Presentation Information

[4Yin-A-60]Development of a Dialogue System Capable of Real-Time Backchanneling

〇Sho Katsuki1, Yoshinobu Kano1 (1. Shizuoka University)

Keywords:

dialogue system

With the rapid advancement of Large Language Models, there is a growing demand for voice-based dialogue systems that can serve as everyday companions.

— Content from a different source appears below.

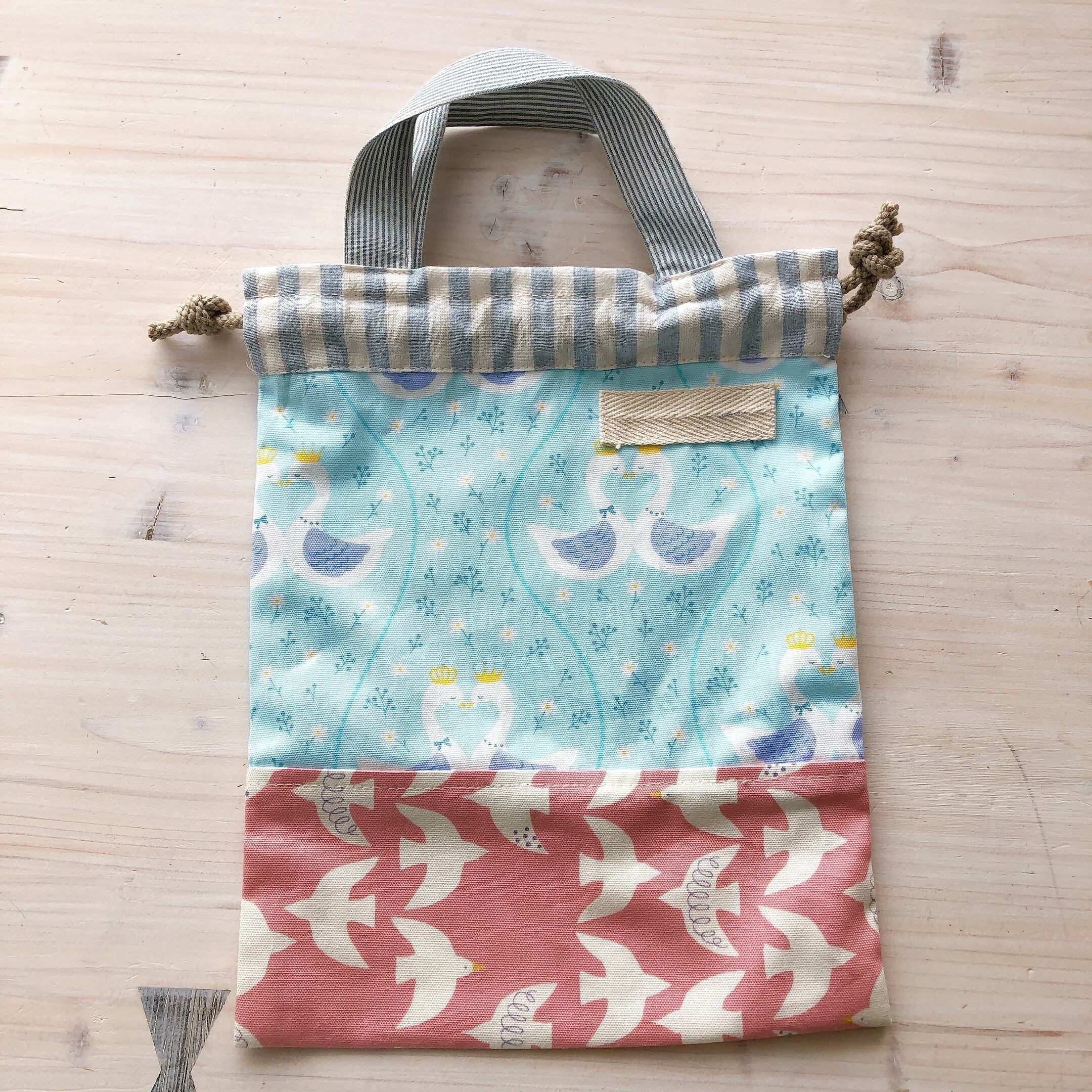 【オーダーのお品】ランチマットと巾着のセット(みずいろ気球)
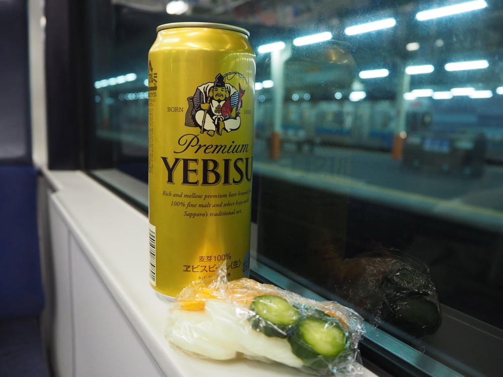 …そんなわけで、帰り際に頂いた缶ビールとお新香で、帰りの電車でチビチビとやらせて頂きました(笑)。乗り換え先の小田急線内では、このスタイル(左上写真参照)は厳しいと思ったので、ボックス席のある東海道本線内限定でのお楽しみ時間でした。このお店は色々な意味でリベンジしたいものですが、その時は演奏の時間を早めに設定致しましょう(笑)。どうぞよろしくお願いします!…お疲れ様でした。

However, conventional Voice Activity Detection (VAD) often misinterprets user fillers (e.g., "uhm...") or backchanneling as the end of an utterance, leading to unnatural system interruptions.
We adopted OpenAI's ChatGPT Realtime API and proposed a unique parallel architecture integrated with a "Judge Model" that determines in real-time whether to respond or wait.
Furthermore, to emulate a "cheerful friend" who engages in proactive self-disclosure, we introduced a "Three-Step Response Strategy" (Reaction + Self-disclosure + Closing).
Our proposed method effectively eliminated unnatural interruptions in scenarios containing fillers (interruption rate: 8.7\%).
While response latency increased to 2.6 seconds, the combination of the system's "Thoughtful Pause" and the empathetic self-disclosure strategy significantly improved user satisfaction.
Our approach successfully established a vibrant and natural rhythm in human-AI interaction.